Riga Film Museum is the only museum of its kind in Latvia. It holds various exhibitions that display different aspects of cinema art, actors and film history. The museum was founded in 1988 and is located in two buildings: an 18th-century building located on 10 Peitavas Street in Vecrīga, and the building of Eduards Smiļģis' Theater Museum on 1 Talsu Street in Pārdaugava.

History 
The idea to establish the Film Museum in Riga came about during the traditional cinema forum called ”Kino Diena” (English: "Film Day") in 1986. The leaders of this project were Augusts Sukuts, Inga Pērkone-Redoviča, and Juris Civjans. They managed to start a museum by getting a permission from the Soviet Union cinema organization.

Throughout the years following Latvia’s independence, the Riga Film Museum has been a part of different institutions. It was a part of the National Film Centre of Latvia until 2010 when it was turned over to the Latvian Academy of Culture.

The Film Museum has relocated various times before settling to the current building in the Old Town. It was once in the rooms of ”Riga Video Centre”, the ”Latvian State Archive of Audiovisual Documents”, the ”Riga Film Studio” and the former ”Museum of Illegal Press” on Krāslavas Street.

Permanent exhibition "Behind the Screen" 
The exhibition “Behind the Screen” welcomes to the other side of the screen and offers to  take a look into the filmmaking process, see what cameras are used to shoot films, what projectors they are screened on, how film technologies have changed over time, what professions are involved in making a film happen. All this world is yours to explore through the prism of film history in Latvia. Just a couple of months after the very first film screening in the world film showings already were happening here, in the 1920s enterprising folks started making their own films, in the 1930s created their own sound recording equipment, and for several decades kept a structured film production system running, with several hundred professionals involved.

In “Behind the Screen” museum offers a practical and historical view of how film evolved in Latvia, with focus on the process – the things we don’t notice when looking at the screen.

Cinema Paths of Riga 
Cinema Paths of Riga offers an opportunity for tourists and locals to learn about the history of Latvian cinema and the history of Riga. The Cinema Paths of Riga map displays a timeline of Latvian cinema history, actors, shows, and shooting locations, like that of the movie ‘Where is the Truth? The Tragedy of the Jewish College Girl” which was made in 1913. The Cinema Paths of Riga allows people to dwell into the history of cinema in Latvia. It helps people to learn about local movies, actors and Riga.

The capital city of Latvia is a cinematic city. It has been a film-making centre for Latvian and foreign filmmakers.
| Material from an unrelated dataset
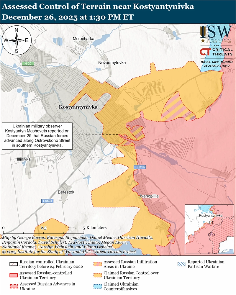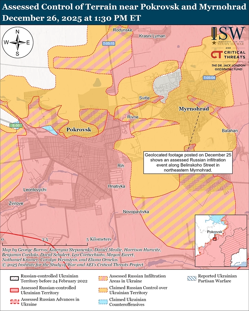 Оценка российской инфильтрации: геолокационные кадры, опубликованные 25 декабря, показывают, как украинские войска наносят удары по зданиям, оккупированным Россией, на северо-востоке Покровска (к востоку от Покровска) и по русским войскам к северо-западу от Покровска, в рамках которые, по оценке ISW, были российской миссии по проникновению и не изменяя контроль над местностью или FEBA. [150]
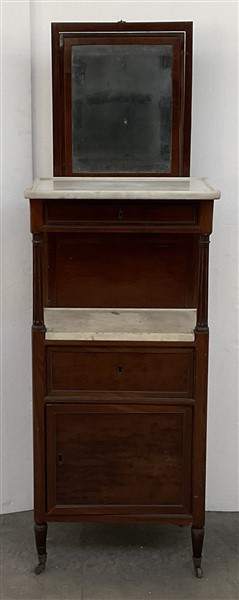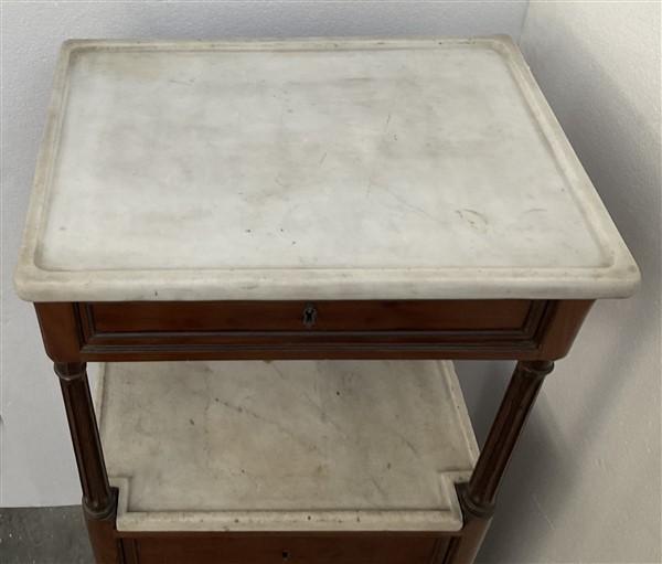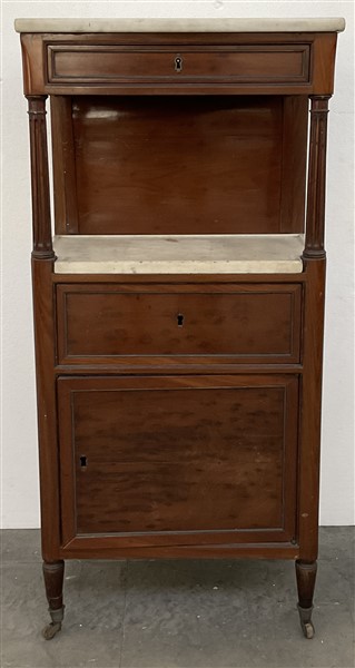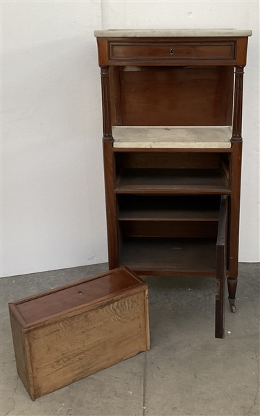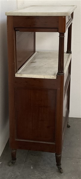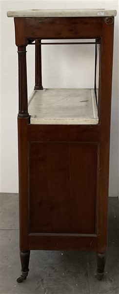 Mobile intagliato con ripiani in marmo (cm 56x122x38) (difetti)

Movies shown throughout Europe (in cities such as Berlin and London) are oftentimes set in Riga because of its beautiful architecture and style. The city can reveal hidden secrets and provide different perspectives on life.

Educational Programs in the Riga Film Museum

Lecture for children: ”What is Cinema?”
This lecture helps children to learn about cinema and develops their creative thinking. Moving phenomenon, optical illusions, the birth of theater, mystery, horror, and comedy film are explored for young, kindergarten and elementary school aged students. The theme for grades 1-6 is visual art, which includes studies about the line, silhouette, movement, form, experiment, setting, location and surroundings of movies as well as the introduction to different artworks in the museum exposition. The classes are held in Latvian or Russian.
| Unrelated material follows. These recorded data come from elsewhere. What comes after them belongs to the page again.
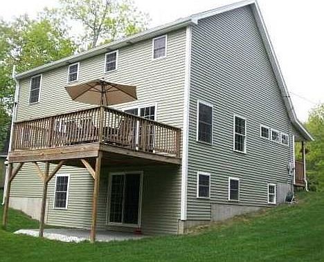 Beautiful Home just minutes from town and the Maine Turnpike. This Contemp Cape was built in 2006 and has hardwood throughout with 3 BR's and 2.5 BA's. 2540 sf, Beautiful kitchen with large island and stainless appliances. Finished basement with lg family room,wood stove and walk out to patio area under deck, big deck over looks 5 gorgeous wooded acres, Tons of privacy in a private gated community. Shared association beach and waterfront access to Notched pond. 2 Car garage, Shed & more...Priced to sell !
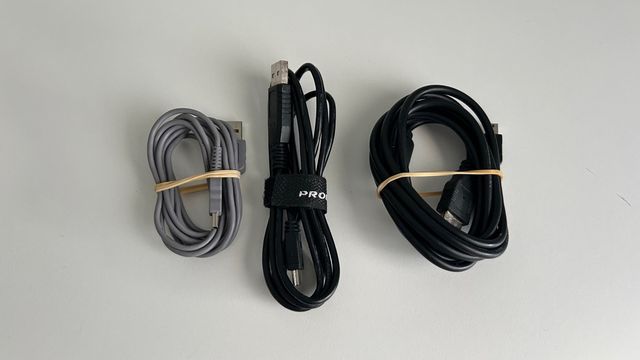 Conjunto de tres cables de conexión USB, uno gris y dos negros. - Cables USB gris con conector tipo A y mini-USB.
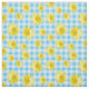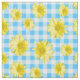 Linda Baysinger Peck’s cheerful, bright yellow daisy flower design, on turquoise and white gingham check background.
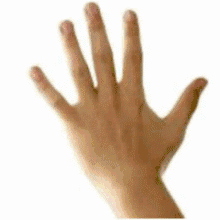 b.拇指向上,使腕关节向拇指侧(即天花板上)匀速向上屈曲,然后缓慢回到原位;
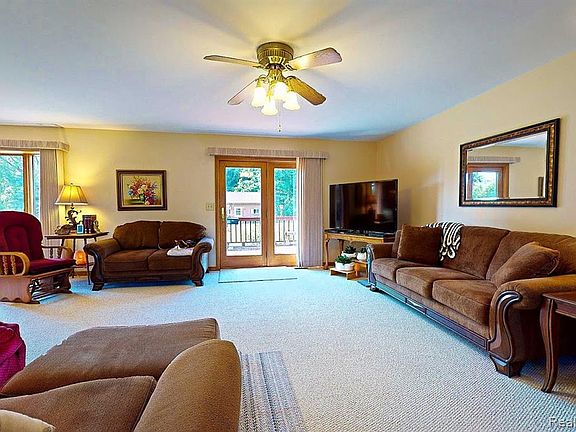 Once you walk into this custom built 4 Bedroom, 2 Bath Ranch you will fall in love with it. Enjoy the open floor plan, large kitchen with a ton of cupboards and countertop space. All Appliances stay with the home. Relax in the living room over looking the 3 tiered deck and backyard. This home has a separate dining room and den area.Well kept, maintained and loved. The 2 x 6 construction allows for more insulation which keeps the utility bills extremely low. Attached 2.5 car finished garage withgarage door opener and side entry. This home sits on 2 acres of land with a 30 x 40 pole barn with workshop, new metal roof and electric.

Classes for Older Students
This class is for middle and high school students. Classes for the older age group involve discussions about ethics, responsibility and the individual responsibility. Students will watch a documentary called ”Ten Minutes Older” by Herz Frank.  The theme for this class goes well with cultural studies to discuss the importance of values in life.
The discussions on the above-mentioned topics will prepare the students for filling out an assignment: a review or critique of the film. A class in the museum is a great opportunity to change the learning environment and to combine theory with real life situations.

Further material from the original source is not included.